**Aim of the exercise**
What follows is a listing to transcribe exactly, leaving the pictures out.

**Exercise data**
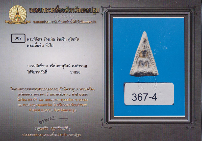 รหัส 0201เนื้อชินเงินรางวัลที่ 1 จัดโดยชมรมพระเครื่องจังหวัดนครปฐม วันที่ 14 พ.ค.60
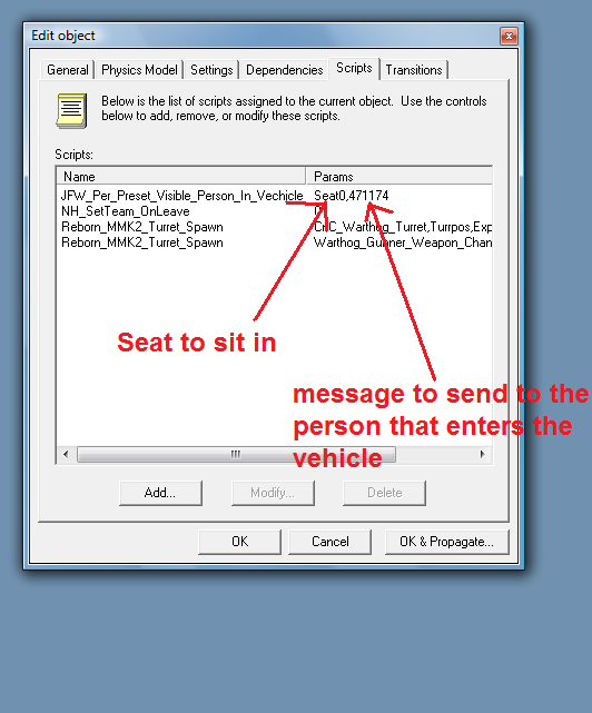 And then on the infantry, you must have one of these scripts attached for each vehicle that has a different custom that is sent (you would only use a different custom if you wanted the vehicle to have a different sit position):
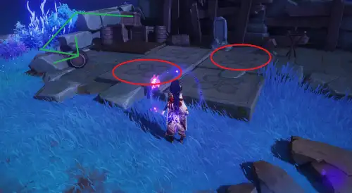 불이 다 꺼져있는 발판에서 동그란 표시 발판 밟으면 풀림 (초록색 화살표는 반대편 불 들어와있는곳에서 열로 보라는 표시) |
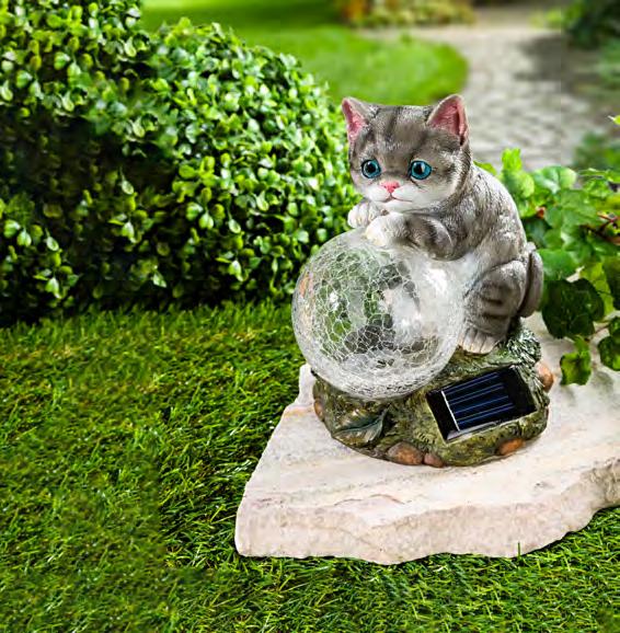 This caring mother duck carries her two newly hatched chicks, glowing gently beneath the evening sky. The frosted glass orb charges during the day and illuminates at night with 10 warm white LEDs, guiding your way or highlighting your favourite spot – warming hearts and spreading love by day and by night. It’s made from weather-resistant resin and measures 18x13x19cm.

**Expected answer**
 รหัส 0201เนื้อชินเงินรางวัลที่ 1 จัดโดยชมรมพระเครื่องจังหวัดนครปฐม วันที่ 14 พ.ค.60
 And then on the infantry, you must have one of these scripts attached for each vehicle that has a different custom that is sent (you would only use a different custom if you wanted the vehicle to have a different sit position):
 불이 다 꺼져있는 발판에서 동그란 표시 발판 밟으면 풀림 (초록색 화살표는 반대편 불 들어와있는곳에서 열로 보라는 표시) |
 This caring mother duck carries her two newly hatched chicks, glowing gently beneath the evening sky. The frosted glass orb charges during the day and illuminates at night with 10 warm white LEDs, guiding your way or highlighting your favourite spot – warming hearts and spreading love by day and by night. It’s made from weather-resistant resin and measures 18x13x19cm.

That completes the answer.